We’ll calculate the cross-section of a bound-free transition ${\displaystyle \sigma _{bf}}$:

${\displaystyle \sigma _{bf}\sim {\lambda ^{2} \over 8\pi }{A_{21} \over \Delta \nu }\,\!}$

It turns out that ${\displaystyle \Delta \nu }$ is about ${\displaystyle \nu }$. ${\displaystyle \lambda \approx 912\mathrm {\AA} }$, so scaling from Lyman-alpha:

${\displaystyle \sigma _{bf}\sim {(912\mathrm {\AA} )^{3} \over c\cdot 8\pi }A_{21,Ly\alpha }\left({1216\mathrm {\AA} \over 912\mathrm {\AA} }\right)^{3}\sim 10^{-18}cm^{2}\,\!}$

It turns out that the real answer is ${\displaystyle \sigma _{bf}\sim 6\cdot 10^{-18}cm^{2}}$. In general:

${\displaystyle \sigma _{bf}=\sigma {\big |}_{edge}\left({E_{photon\,in} \over E_{edge}}\right)^{-3}\,\!}$

That exponent (-3) is actually ${\displaystyle -{\frac {8}{3}}}$ near the edge and goes to ${\displaystyle -{\frac {7}{2}}}$ far from it. So you see ${\displaystyle \sigma _{bf}}$ spike up as the photon reaches the ionization energy, and then decrease exponentially as energy increases.

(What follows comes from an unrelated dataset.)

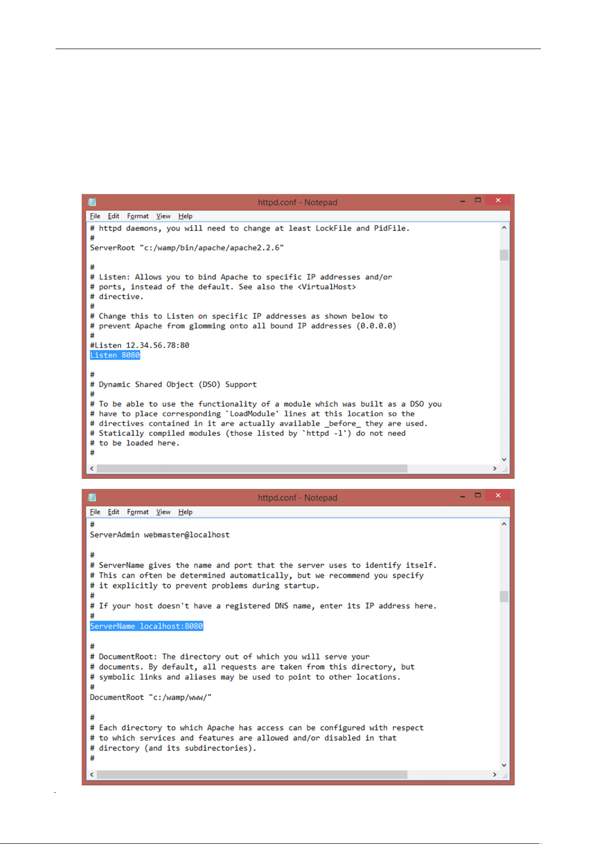 Cài đặt Wampp (hoặc xampp). Sau khi cài đặt xong, vào file ht pd.conf đổi cổng kết nối sang
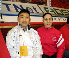 「なぜ女子は参加してくれないの? 私たちは日本を目標にがんばっているのよ。来年はぜひ参加して」(ペルシン・ウルン・コーチ=2002年世界選手権51kg級6位)と訴えるなど、実力アップに余念がない(右写真=ウルン・コーチ。左は男子フリースタイル全日本チームの和久井始監督)。

However, you can see new spikes from ionizing electrons in inner shells.

### Radiative Recombination

This is the inverse process of photoionization, so ${\displaystyle \sigma _{fb}}$ is the cross-section for an ion recapturing its electron and emitting a photon. We’ll relate ${\displaystyle \sigma _{fb}}$ to ${\displaystyle \sigma _{bf}}$. This is called the Milne Relation. In this derivation, we’ll start by assuming complete thermal equilibrium and derive a result which will end up being independent of thermal equilibrium. Let’s start calculating the rate of radiative recombinations. Thermal equilibrium dictates that this must equal the rate of photoionization. For radiative recombination:

${\displaystyle rate\ of\ recombination=n_{+}n_{e}\sigma _{fb}(v)v[f(v)dv]={\#\ of\ recombinations \over volume\ time}\,\!}$

We’ll set this equal to the rate of photoionization. This rate is:

${\displaystyle rate\ of\ photoionization={B_{\nu }4\pi d\nu \over h\nu }n_{0}\sigma _{bf}\overbrace {\left(1-{g_{0} \over g_{+}}{n_{+} \over n_{0}}\right)} ^{{correction\ for \atop stimulated} \atop recombination}\,\!}$

where ${\displaystyle n_{0}}$ is the # density of neutrals. Note this has units of # flux. Note also that ${\displaystyle \sigma _{bf}}$ depends on ${\displaystyle \nu }$, and ${\displaystyle n_{+} \over n_{0}}$ is evaluated at the relative velocity ${\displaystyle v}$ such that ${\displaystyle h\nu ={\frac {1}{2}}m_{e}v^{2}+\chi }$, where ${\displaystyle \chi }$ is the threshold ionization energy. In thermal equilibrium, we know that (see Boltzmann distribution):

${\displaystyle {n_{+} \over n_{0}}={g_{+} \over g_{0}}e^{-E \over kT}\,\!}$

where ${\displaystyle E}$ is the energy difference between state 1 (proton + unbound ${\displaystyle e^{-}}$) and state 2 (bound proton/electron pair). Thus ${\displaystyle E}$ is given by:

${\displaystyle E={\frac {1}{2}}m_{e}v^{2}-(-\chi )=h\nu \,\!}$

So we can make our n’s and g’s go away. For ${\displaystyle f(v)}$, we’ll use our Maxwellian velocity distribution:

${\displaystyle f(v)=4\pi \left({m_{e} \over 2\pi kT}\right)^{3 \over 2}v^{2}e^{-m_{e}v^{2} \over 2kT}\,\!}$

Finally, the Saha Equation tells us in thermal equilibrium:

${\displaystyle {n_{+}n_{e} \over n_{0}}=\left[{2\pi m_{e}kT \over h^{2}}\right]^{3 \over 2}{2g_{+} \over g_{n}}e^{-\chi \over kT}\,\!}$

So now we’re essentially done:

${\displaystyle 1={n_{+}n_{e}f(v)v\sigma _{fb}(v)dv \over {4\pi B_{\nu } \over h\nu }d\nu (1-e^{-h\nu _{21} \over 2kT})n_{0}\sigma _{bf}(v)}\,\!}$

and plugging in all of our relations we get:

${\displaystyle {{\sigma _{fb}(v) \over \sigma _{bf}(\nu )}={g_{0} \over g_{+}}\left({h\nu \over m_{e}cv}\right)^{2}}\,\!}$

(Milne Relation) Notice how all of the T’s vanished. This result is independent of thermal equilibrium. However, you still have to pay attention to your statistical weights (g’s).